Piastowie. Dynastia nieobliczalnych władców, mężczyzn na tyle porywczych, że kiedy dochodziło do spotkania choćby dwóch z nich, nie można było być pewnym jego skutków. Iskrzyło, grzmiało i lała się krew. Co subtelniejsi preferowali truciznę. Powieść rozpoczyna się w okresie bezkrólewia i rywalizacji licznych książąt o berło, koronę i zapewne cholernie niewygodny tron Polski. Więcej nie napiszę, bo nie lubię streszczać fabuły ani brać na siebie odpowiedzialności polecania lektury. Wystarczy wiedzieć, że "Korona śniegu i krwi" obraca się w swojskich, słowiańskich klimatach naszego narodu, w pięknych czasach, kiedy imiona w rodzaju Mściwoja, Siemomysła i Grzymisława nadawane dzieciom nie były jedynie ekscentrycznym wybrykiem rodziców (a poproszeni o komentarz znajomi nie musieli z wymuszonym uśmiechem mówić czegoś w rodzaju "nie no, fajne imię dla dziecka, oryginalne... Fajne, naprawdę"). W czasach licznych sojuszów, intryg, niesnasek i wojenek, nastoletnich dziewczynek ledwie po pierwszej menstruacji, które ze względów politycznych wydawane są za starych i brodatych dziadów.

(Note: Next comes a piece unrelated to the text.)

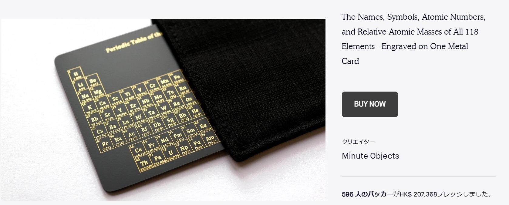 おはようございます。https://camp-fire.jp/projects/view/644164今日は、The Chemistry Card 2.0を作成するにあたって一番苦労したことは何ですか?とメーカー様に聞いたお話しをさせていただきます。The Chemistry Card 2.0を作成するにあたって一番苦労したことは、レーザー刻印だったそうです。Minute Objectsは 2020年に『小さいながらも壮大なオブジェクトをデザインする』というコンセプトを元に設立されたデザイン会社です。 信頼できるものづくりの工場と、そして多種多様なクリエイターとともに、アイディアに溢れた商品の数々生み出しています。こちらの動画は約4倍のスピードで流しておりますが、実際は1枚に全ての情報を刻印するのは、もっと時間のかかる作業です。そして、この様な技術を持っている企業と出会う為にも多くの時間をついやしたそうです。そして、The Chemistry Card 2.0 の表面を滑らかに仕上げるのにも苦労が必要だったそうです。The Chemistry Card 2.0の表面の手触りはレーザーで刻印しているのに凹凸が無いのです。とても滑らかです。The Chemistry Card 2.0の表面 を初めて触った時にレーザーで刻印しているにもかかわらず凹凸が感じられない事には驚きました。美しいレーザーの刻印を実現する 為に時間をかけて誕生したThe Chemistry Card 2.0 メーカ様にとっては宝石の様な一品のでしょう今日はThe Chemistry Card 2.0を作成するにあたってのメーカー様の苦労話しをお伝えさせていただきました。https://camp-fire.jp/projects/view/644164
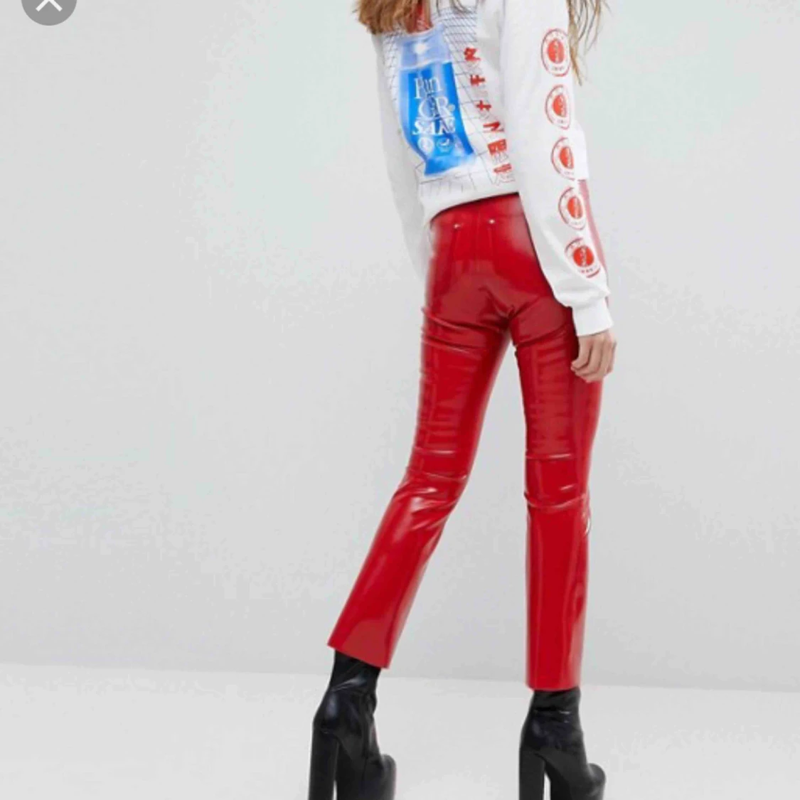 Skitsnygga röda lackbyxor från JFR (samma som de svarta, fast röda). Köpta i vintras för 400kr. Säljs pga fel storlek. Skriv för mer info

Sami książęta, a jest ich cała banda, zasługują na osobny akapit. Barwny kolaż osobowości - jedni prawi, inni niegodziwi. Kapryśni, rubaszni, wyuzdani, dziecinni, sadystyczni, zdradliwi, chimeryczni, wybuchowi - to raptem kilka cech, którymi aż kipią postaci, a ich wachlarz jest na tyle szeroki, że każdy czytelnik znajdzie wśród nich swojego faworyta (i faworytkę, bo ten tekst to mój ukłon w stronę kobiet przecież). Kapitalnie, moim zdaniem, wypada Mściwój, książę Pomorza, który jeśli nie wypije czegoś mocniejszego, to powoli myśli. Poza tym jest sympatycznym kolesiem, którego każdy chciałby mieć wśród znajomych na fejsbuku. Dumnym mężom towarzyszą oczywiście kobiety. Te również imponują różnorodnością. Leciwe matrony, władcze i wyniosłe hetery z ambicjami zerżnięcia każdego mężczyzny (nie wykluczając nawet najbliższej rodziny), kobiece i eleganckie, kurwy lepszego i gorszego sortu oraz wiele innych, których nie chce mi się wymieniać. Są też oczywiście kobietki ledwie dojrzałe, filigranowe i delikatne jak pajęczyna, co jednak nie przeszkadza im w wydawaniu regularnymi seriami na świat kolejnych potomków. Rozczula szczególnie Rikissa, często i namiętnie tęskniąca za mieczem Przemysła w swojej pochwie. Wypada również wspomnieć o Jakubie Śwince, który w drugiej połowie powieści otrzymuje sporo stron "czasu antenowego", co czyni go jednym z głównych bohaterów. Nie jestem przekonany, czy pozytywnie to wpływa na wrażenia czytelnika, bo życie Świnki, w całości poświęcone Bogu i cnotom, znacznie ogranicza charakter Jakuba i czyni go niezdolnym do namiętnych zrywów, a przez to przewidywalnym i nudnym.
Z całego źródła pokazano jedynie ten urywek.